● YOUR GOAL:
Given these entries, repeat exactly the lines starting with the one that has "Krovinorez DSRM-310 má" and going on through the one that has "Trencito de madera", both included, but none of the pictures.
++++ INFORMATION SUPPLIED ++++
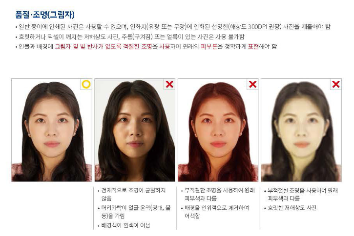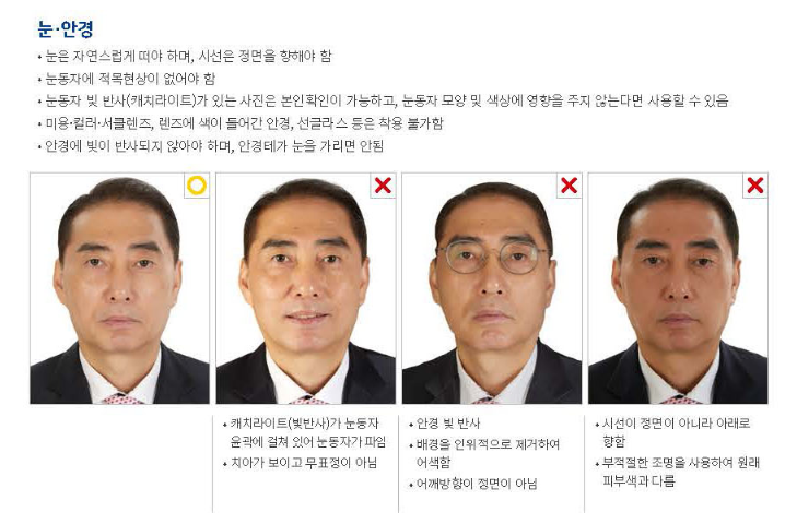 - 전문 사진관에서 "여권 사진 규정에 맞춰 찍어주세요" 라고 요청하시는 것이 안전합니다.
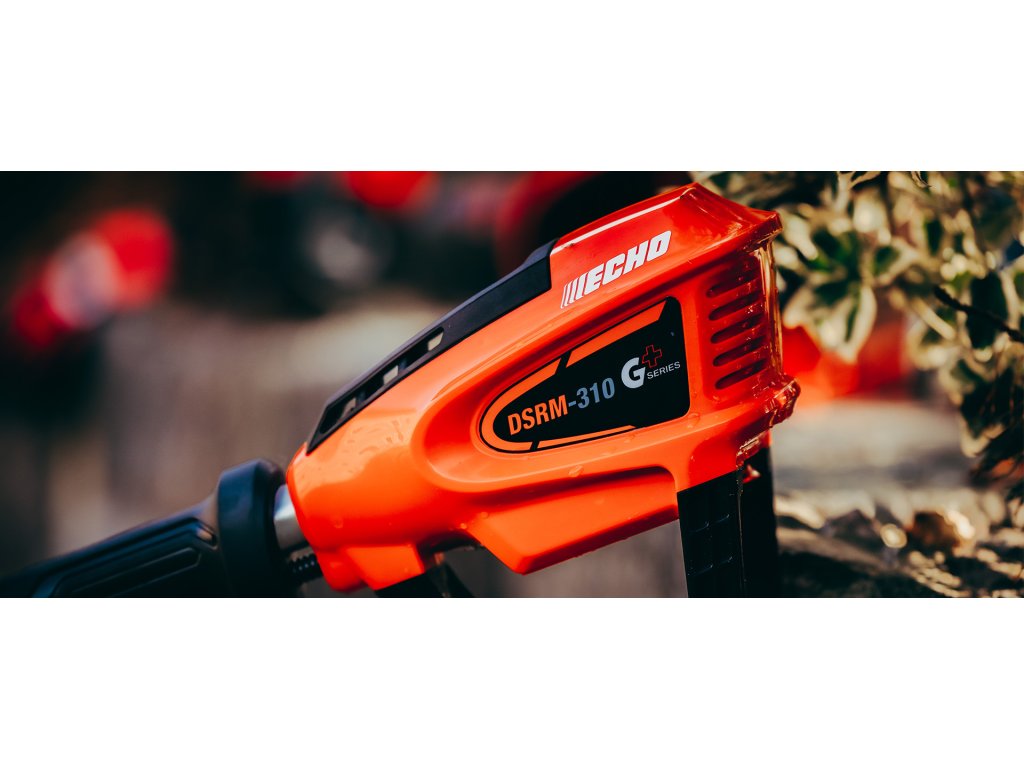 Krovinorez DSRM-310 má veľký dvojradový záber rezania s dĺžkou 30 cm a vysokootáčkový motor pre výkonné a presné trimovanie.
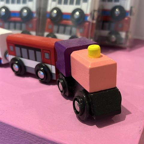 Trencito de madera con locomotora y 3 vagones.Los vagones se conctan entre sí por un poderoso imánMedidas armado: 29x4,5 cm.
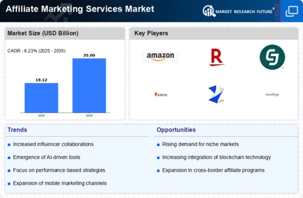 The Affiliate Marketing Services Market is currently characterized by a dynamic competitive landscape, driven by technological advancements and evolving consumer behaviors. Major players such as Amazon (US), CJ Affiliate (US), and Awin (DE) are at the forefront, each adopting distinct strategies to enhance their market positioning. Amazon (US) continues to leverage its vast e-commerce ecosystem, integrating affiliate marketing into its broader digital strategy, which appears to be focused on enhancing user engagement and driving sales through personalized marketing. Meanwhile, CJ Affiliate (US) emphasizes innovation in its affiliate technology, aiming to provide robust analytics and performance tracking tools that empower affiliates and advertisers alike. Awin (DE), on the other hand, is pursuing regional expansion, particularly in emerging markets, which suggests a strategic focus on diversifying its affiliate network and increasing its global footprint.The business tactics employed by these companies reflect a moderately fragmented market structure, where collaboration and competition coexist. Localizing services and optimizing supply chains are common strategies that enhance operational efficiency and responsiveness to market demands. The collective influence of these key players shapes a competitive environment that is increasingly reliant on technology and data-driven decision-making, indicating a shift towards more sophisticated affiliate marketing solutions.
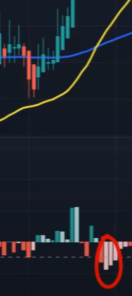 3) (롱포지션 예) - 이동 평균 수렴 확장 지수(MACD)에 아래의 그림과 같이 큰 아래 캔들이 생기면 상승할때 생기는 녹색 캔들이 나올때를 기다린다.
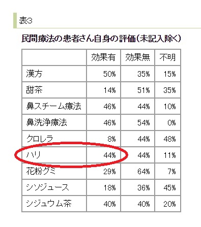 民間医療の科学的評価についてはほとんど行われていません。その方法が必ずしも容易ではないこと、コスト、時間がかかることも原因です。前述の平成12年の私達の調査では、アンケートにより患者さんが実感している民間医療の効果を調べたところ、治療内容によって異なりますが、代表的なものに対しては、漢方薬では効果有50%、効果無35%、不明15%、甜茶に対しては効果有14%、効果無51%、不明35%、鼻スチーム療法は効果有46%、効果無44%、不明10%といったところでした(表3)。
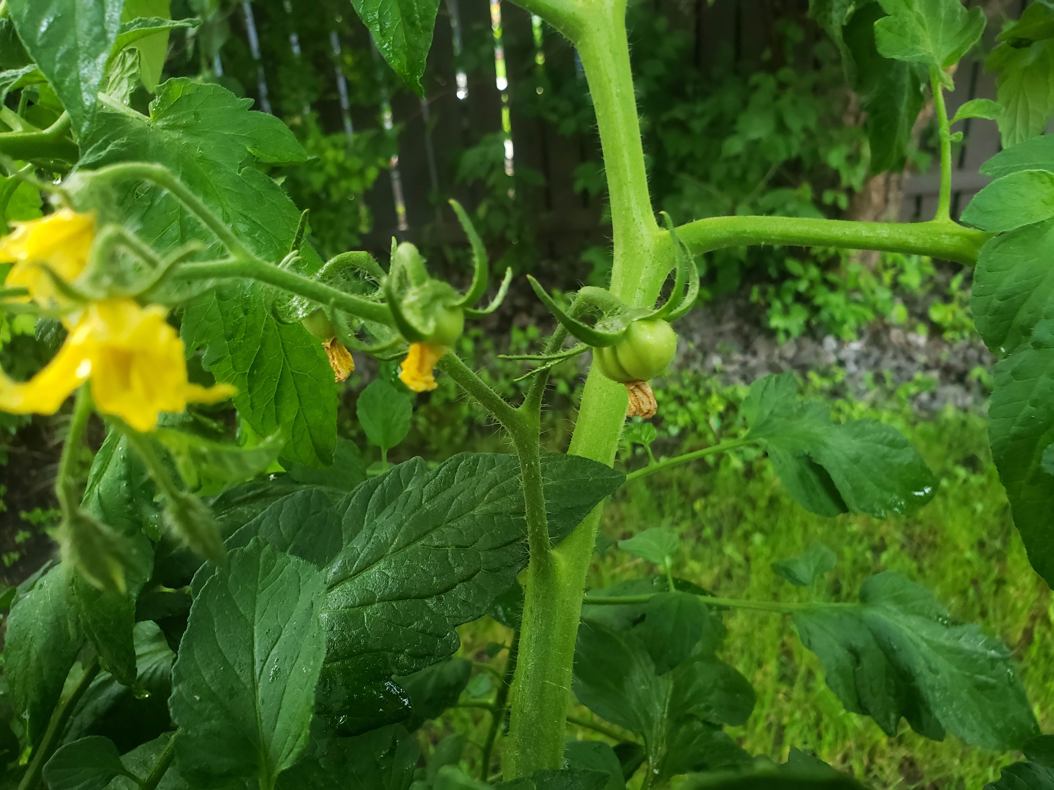 Here is one of the flowers that has started to turn into a tomato. Still very tiny but slowly becoming a nice bounty from the garden.
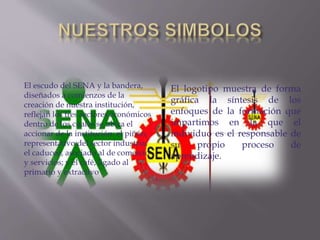 El documento describe los objetivos del SENA para el 2020, incluyendo convertirse en una entidad líder en formación profesional e innovación tecnológica para apoyar el desarrollo empresarial y social en Colombia. El SENA busca contribuir a la productividad de las empresas, generación de empleo, reducción de pobreza, y desarrollo regional a través de egresados calificados y el uso de tecnología de punta.
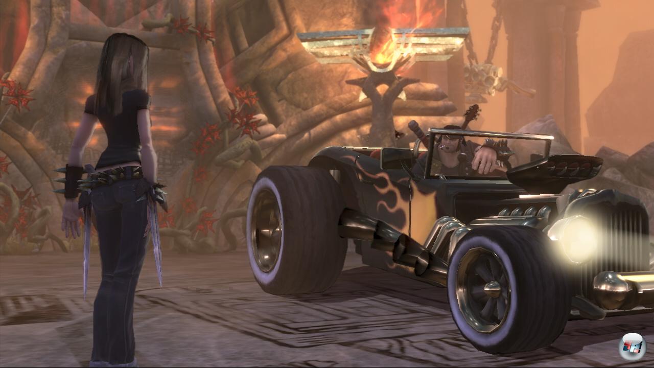 sich mit diversen Saiten gehörig aufmotzen, um noch mehr explosive Energien zu entwickeln. Die dicksten Waffen sind jedoch für den Hotrod gedacht: Unter den Primär- und Sekundärwaffen finden sich u.a. MG-Geschütze, Stromblitze, zielsuchende Raketen und ein flammender Seitenauspuff, der Angreifer in ein Häufchen Asche verwandelt. Wem das Äußere nicht zusagt, darf die Karosse sogar neu lackieren. Daneben darf man seinen treuen Gefährten außerdem Monumente an einem Mout Rockmore errichten lassen. Das alles gibt es natürlich nicht nur für ein freundliches Lächeln – das Leben ist schließlich kein Gratiskonzert. Stattdessen will auch Ozzy Bares sehen, wobei in der Welt von Brütal Legends die gewohnten Scheine und Münzen durch Feuerattribute darstellen. Diese verdient man sich durch das erfolgreiche Bestehen von Haupt- und Nebenmissionen. Letztere bestehen aus kleinen Minispielen, bei denen man etwa auf einer Hebebühne heran stürmende Gegnerwellen abwehrt, unter Zeitdruck Bierfässer zur Strandparty befördert oder ein Wettrennen gegen einen arroganten Raser in Angriff genommen werden muss. Außerdem gilt es, ein Haus von Fledermäusen zu befreien, einem Rocker ein Date mit seiner Flamme zu ermöglichen, einen Wettstreit um den Ruf des besten Jägers zu gewinnen sowie Schleichangriffe gegen den Feind zu starten. Das alles klingt sehr abwechslungsreich – wäre es auch, wenn man das richtige Maß gefunden hätte. Leider dominieren aber die Schleichangriffe und Sequenzen auf der Hebebühne, die immer nach dem gleichen Schema ablaufen, an dem man sich schnell satt gesehen hat. Hinzu kommt, dass die bewegliche Leuchtmarkierung, die einem den Weg bei Wettrennen weisen soll, mit den gleichen Problemen zu kämpfen hat, wie der Leuchtstrahl, der die Position der nächsten Position anzeigt. Bei hellem Tageslicht sieht man sie einfach nicht oder die Ziele sind einfach zu weit entfernt, so dass man immer wieder einen Blick auf den Kartenbildschirm werfen muss. Warum hat man nicht einfach ein Navigationssystem mit Richtungspfeilen eingebaut?
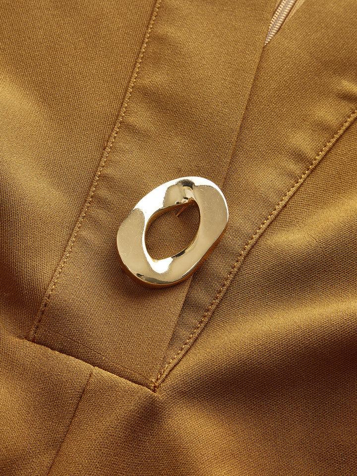 V-Neck Metal Detail Fitted Waist Dress
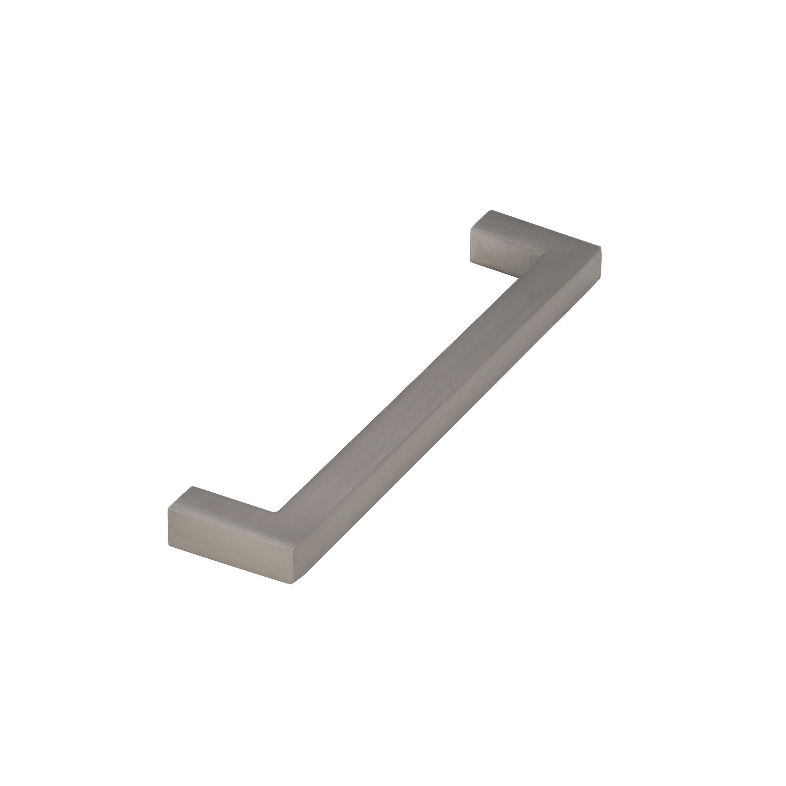 The Amerock Monument 5-1/16 in. Center-to-Center Satin Nickel Cabinet Pull is finished in satin nickel satin. The modern square design of Monument offers sleek, sophisticated allure with a contemporary European twist, making a bold statement with a refined touch.
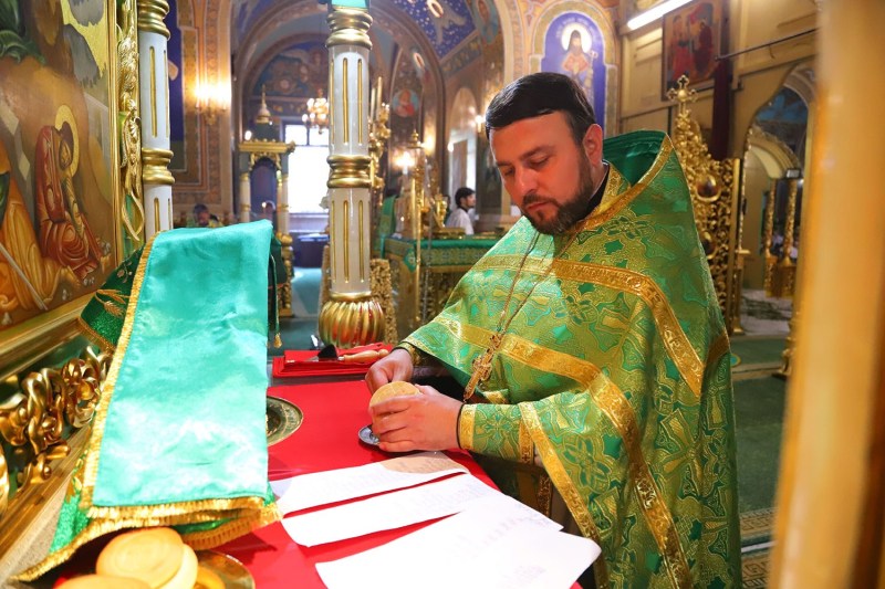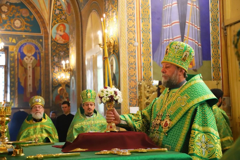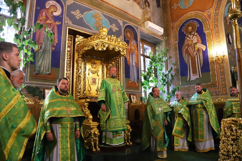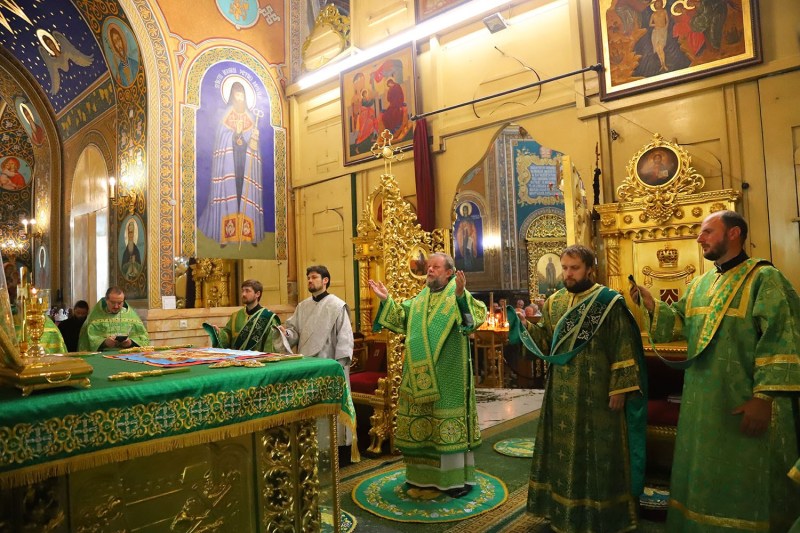 According to the tradition of the day, the Divine Liturgy was followed by a special Vespers service during which kneeling prayers were uttered. It should be mentioned that according to Orthodox Tradition, Christians do not kneel for prayers between the feasts of the Holy Pascha and the Pentecost, for the joy of presence of Lord Jesus Christ among the Apostles and further, all Christians. The first kneeling prayers are uttered during the Pentecost Vespers, underlining Christian humility and repentance.
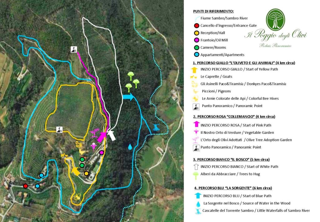 Per un’esperienza cognitiva, sensoriale ed emozionale i nostri ospiti si possono dedicare ai percorsi giornalieri che si snodano attraverso i suoi magnifici territori con partenza proprio dal Poggio degli Olivi! I nostri sentieri sono adatti a tutti (esperti, amatori e cicloturisti) e caratterizzati da natura selvaggia e vegetazione folta, ombreggiata e ricca di acque.
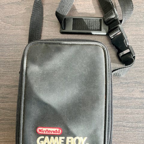 Her sælges en original vintage GameBoy Colour taske med plads til maskine, spil og tilbehør. Super lækker og retro.
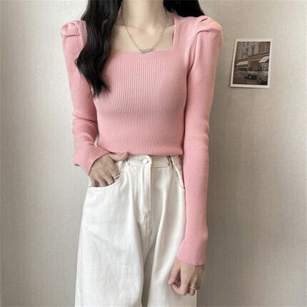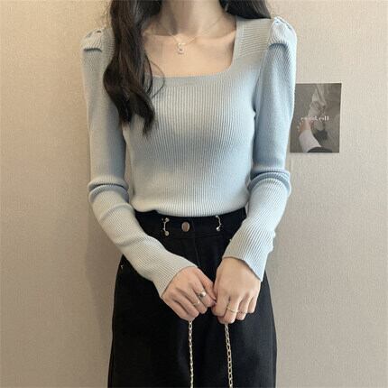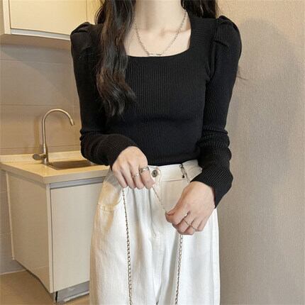 トップス カットソー 長袖 ボリューム袖 スクエアネック スリム タイト 細身 ストレート Iライン リブ 薄手 かわいい 大人可愛い きれいめ シンプル 大人 上品 おしゃれ お洒落 エキゾチック 大人可愛い 大人女子 こなれ感 ラブリー キュート ガーリー クール モード系 エレガント 存在感 とろみ感 抜け感 秋 冬 クリスマス バレンタイン 10代 20代 30代 レディース 女性用 OL 通勤 学生 通学 デート お出かけ 女子会 休日 イベント 旅行 レストラン 普段使い モテ フリーサイズ
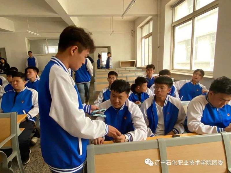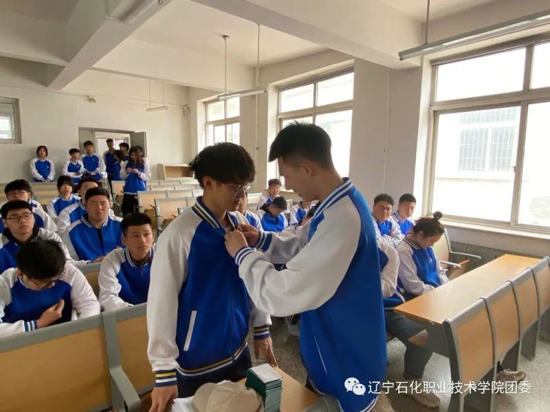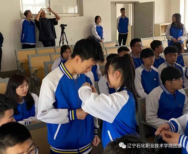 院团委学生干部给新团员们颁发团员证,佩戴团徽
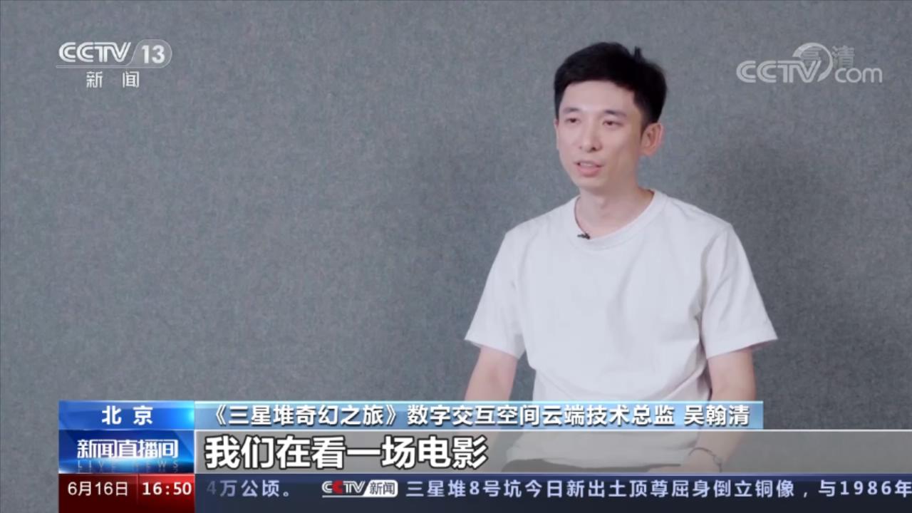 《三星堆奇幻之旅》数字交互空间云端技术总监 吴翰清:这样这一次活动的体验,我相信是史无前例的。我们在看一场电影、看一场直播或者看一些动画,我们所有的观众是在单向地接收信息,但是在这样一个平行数字空间中,我们所有的人是身在其中,参与中间的互动,这是一种双向的娱乐体验,这可能代表了娱乐的未来。
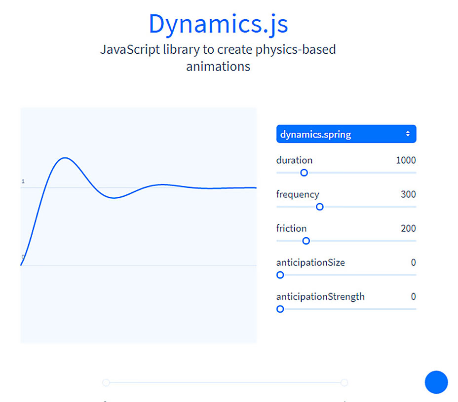 Dynamics.js 是一個JS庫,能為你提供9種標準的動效,你可以制定其中的持續時間、頻率、預期尺寸和強度等數據,創造出符合物理效果的動效。
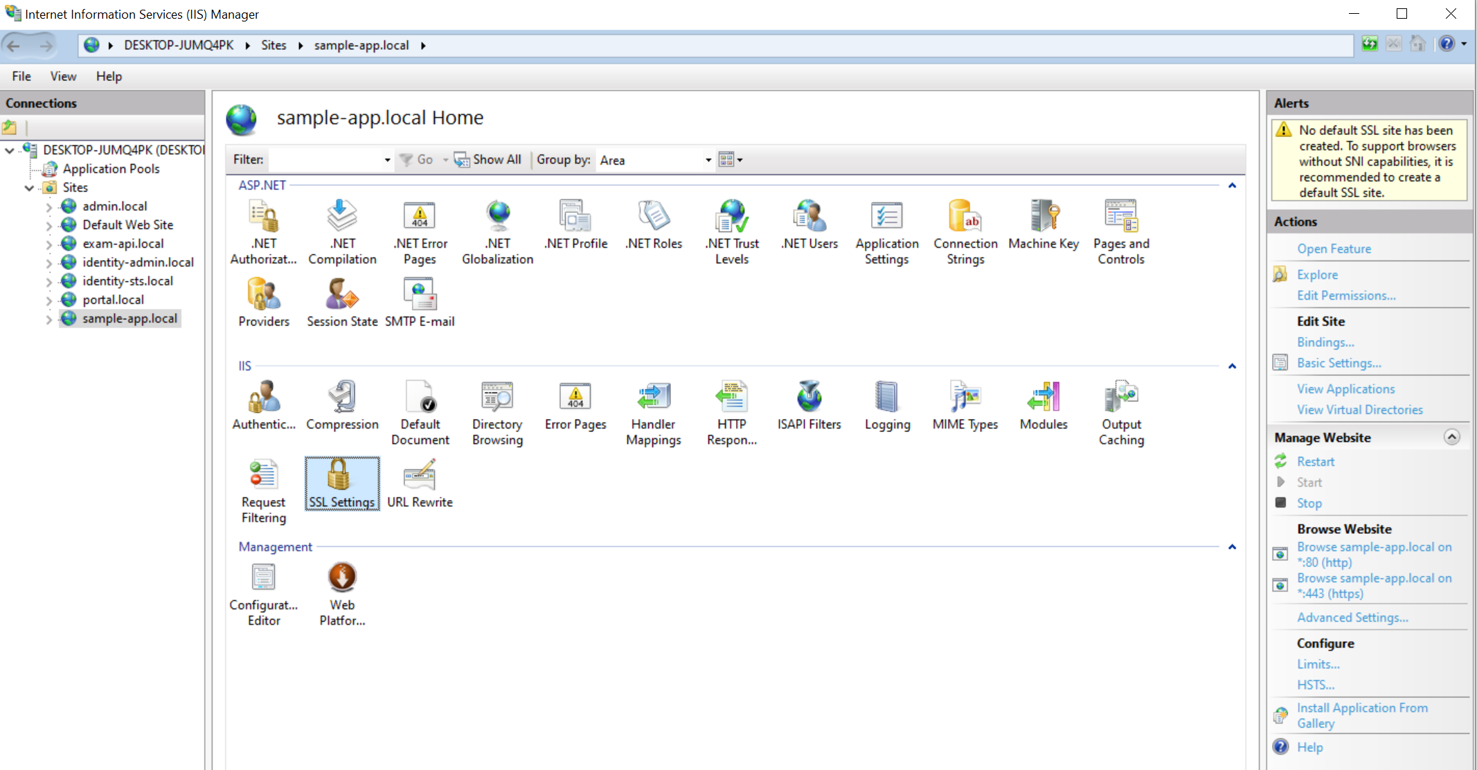 Cấu hình cho phép chạy SSL trên website của IIS, vào website chọn SSL Settings:
++++
● TASK ANSWER:
 Krovinorez DSRM-310 má veľký dvojradový záber rezania s dĺžkou 30 cm a vysokootáčkový motor pre výkonné a presné trimovanie.
 Trencito de madera con locomotora y 3 vagones.Los vagones se conctan entre sí por un poderoso imánMedidas armado: 29x4,5 cm.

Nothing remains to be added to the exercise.